Мы видим, что разница колоссальная – в России на пороге XIX в. урожай сам-2,4! В 4 раза ниже, чем в Западной Европе. Надо вдуматься и понять, что эта разница, из которой и складывалось «собственное» богатство Запада (т. е. полученное не в колониях, а на своей земле), накапливалась год за годом в течение тысячи лет. Величина этого преимущества с трудом поддается измерению.
А ведь и крестьянин, и лошадь в России работали впроголодь. Как пишет Л.В. Милов, в Древнем Риме, по свидетельству Катона Старшего, рабу давали в пищу на день 1,6 кг хлеба (т. е. 1 кг зерна). У русского крестьянина суточная норма собранного зерна составляла 762 г. Но из этого количества он должен был выделить зерно «на прикорм скота, на продажу части зерна с целью получения денег на уплату налогов и податей, покупку одежды, покрытие хозяйственных нужд».
Как известно, Запад делал инвестиции для строительства дорог и мостов, заводов и университетов главным образом за счет колоний. У России колоний не было, источником инвестиций было то, что удавалось выжать из крестьян. Насколько прибыльным было их хозяйство?

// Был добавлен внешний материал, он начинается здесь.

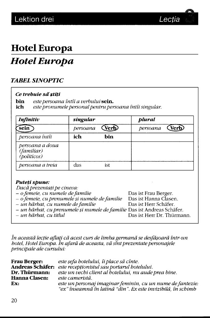 hotel, Hotel Europa. In afard de aceasta, vd sint prezentate personajele
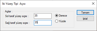 Seçtiğiniz kuşgözü tipine göre yüzey açılarını değiştirebileceğiniz bir diyalog açılacaktır.

Л.В. Милов пишет: «На этот счет есть весьма выразительные и уникальные данные о себестоимости зерновой продукции производства, ведущегося в середине XVIII в. в порядке исключения с помощью вольнонаемного (а не крепостного) труда. Средневзвешенная оценка всех работ на десятине (га) в двух полях и рассчитанная на массиве пашни более тысячи десятин (данные по Вологодской, Ярославской и Московской губерниям) на середину века составляла 7 руб. 60 коп. Между тем в Вологодской губернии в это время доход достигал в среднем 5 руб. с десятины при условии очень высокой урожайности. Следовательно, затраты труда в 1,5 раза превышали доходность земли… Взяв же обычную для этих мест скудную урожайность (рожь сам-2,5, овес сам-2), мы столкнемся с уровнем затрат труда, почти в 6 раз превышающим доход» [114].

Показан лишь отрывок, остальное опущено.